- Horecker in 1966
- Born: Bernard Leonard Horecker 31 October 1914 Chicago, Illinois, USA
- Died: 10 October 2010 (aged 95) Fort Myers, Florida, USA
- Education: University of Chicago (Ph.D. 1939)
- Known for: Elucidating the pentose phosphate pathway, Current Topics in Cellular Regulation (founding editor)
- Parents: Paul Horecker (father); Bessie (Bornstein) Horecker (mother);
- Scientific career
- Fields: Biochemistry
- Institutions: National institutes of Health, New York University Grossman School of Medicine, Albert Einstein College of Medicine, Roche Institute of Molecular Biology, Cornell University
- Doctoral advisor: Thorfin R. Hogness
- Doctoral students: J. Edwin Seegmiller

= Bernard Horecker =

American biochemist

Bernard Leonard (Bernie) Horecker (1914–2010) was an American biochemist known for work on the pentose phosphate pathway, and for cellular regulation in general.

== Birth and education ==

Bernard Horecker was born in Chicago on 31 October 1914. He studied at the University of Chicago and obtained his Ph.D. there in 1939. Laureate honoris causa in Biological Sciences, University of Urbino, Italy, 1982.

== Career ==

===Principal positions===

Starting as a biochemist at the United States Public Health Service at the National Institutes of Health, Bethesda, Maryland from 1941 to 1959, Horecker moved to the New York University Grossman School of Medicine, until 1963, then at the Albert Einstein College of Medicine and the Roche Institute of Molecular Biology in Nutley, New Jersey and finally at Cornell University.

===Visiting positions===

He was a visiting professor of biochemistry at the University of California in 1954, and a guest research worker at the Pasteur Institute, Paris, 1957-1958. Later he had many visiting appointments, both in USA and in other countries, including Paraná (Brazil), Kyoto (Japan), Ferrara (Italy), and Rotterdam (The Netherlands).

===Editorial work===

Horecker was (with Earl Stadtman) founding editor of Current Topics in Cellular Regulation, a major series in the subject, and continued in the role up to volume 23 (1984).

== Research ==

According to Kresge and colleagues Horecker "made seminal contributions to our understanding of the enzyme-catalyzed reactions in carbohydrate metabolism, especially those of the pentose phosphate pathway." He started his scientific career with a manometric study of succinate dehydrogenase.
Later he worked with Arthur Kornberg on spectroscopic aspects of pyridine nucleotides,
with whom he also studied glucose 6-phosphate dehydrogenase.
However, he is best known for his work in elucidating the pentose phosphate pathway.

Much of his work, especially of the enzymes on aldolase and transaldolase was done in collaboration with Sandro Pontremoli at the University of Genoa.

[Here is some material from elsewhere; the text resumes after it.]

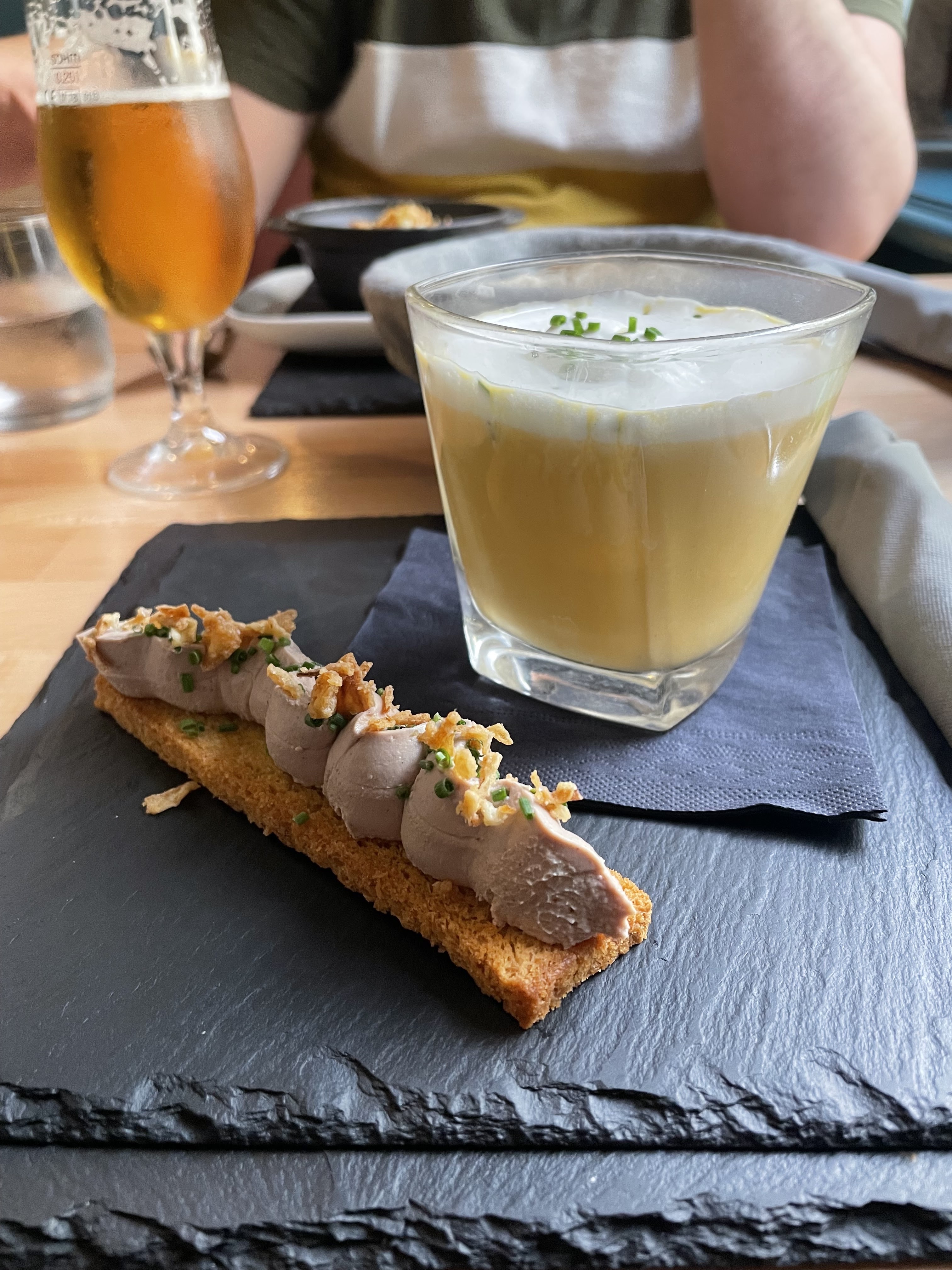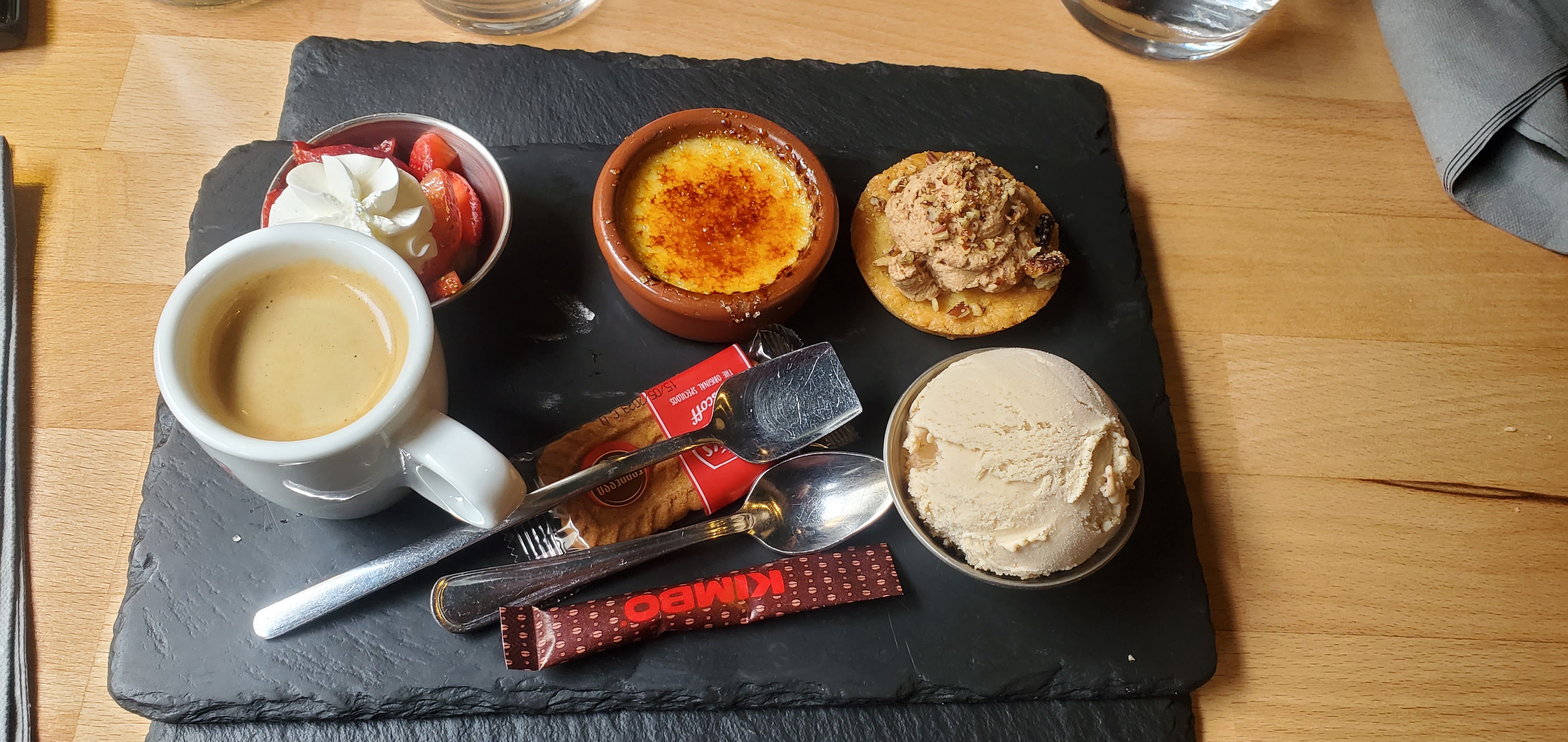 Service impeccable avec serveuse souriante et efficace (jeune brune dont jai malheureusement oublié le prenom) et cuisine raffinée Ambiance très sympathique et tolérance car mon chien a pu nous accompagner sans problème. Je recommande vivement cet endroit pour un moment de plaisir gourmand !

Horecker published many papers, of which Web of Science
lists 450, many of them highly cited. The breadth of his work can be judged from papers on a wide variety of topics, such as galactose oxidase,
metabolic formation of phosphglycerate,
protein kinase-C,
release of alkaline phosphatase from bacterial cells
and prothymosin-α.

== Awards ==

Horecker was elected to the National Academy of Sciences in 1961, and received many other awards, including the presidency of the American Society for Biochemistry and Molecular Biology (at the time the American Society of Biological Chemists), and was the first recipient of its Merck Award in 1981. In 1952 he received the Paul Lewis Award in Enzyme Chemistry (now the Pfizer Award in Enzyme Chemistry) from the Division of Biological Chemistry of the American Chemical Society.

Horecker was twice nominated for the Nobel Prize in Chemistry, by Leopold Ružička in 1957, and by Felix Haurowitz in 1961.

== Death and family ==

Bernard Horecker died in Fort Myers, Florida, in 2010, survived by his widow Frances (Goldstein) Horecker.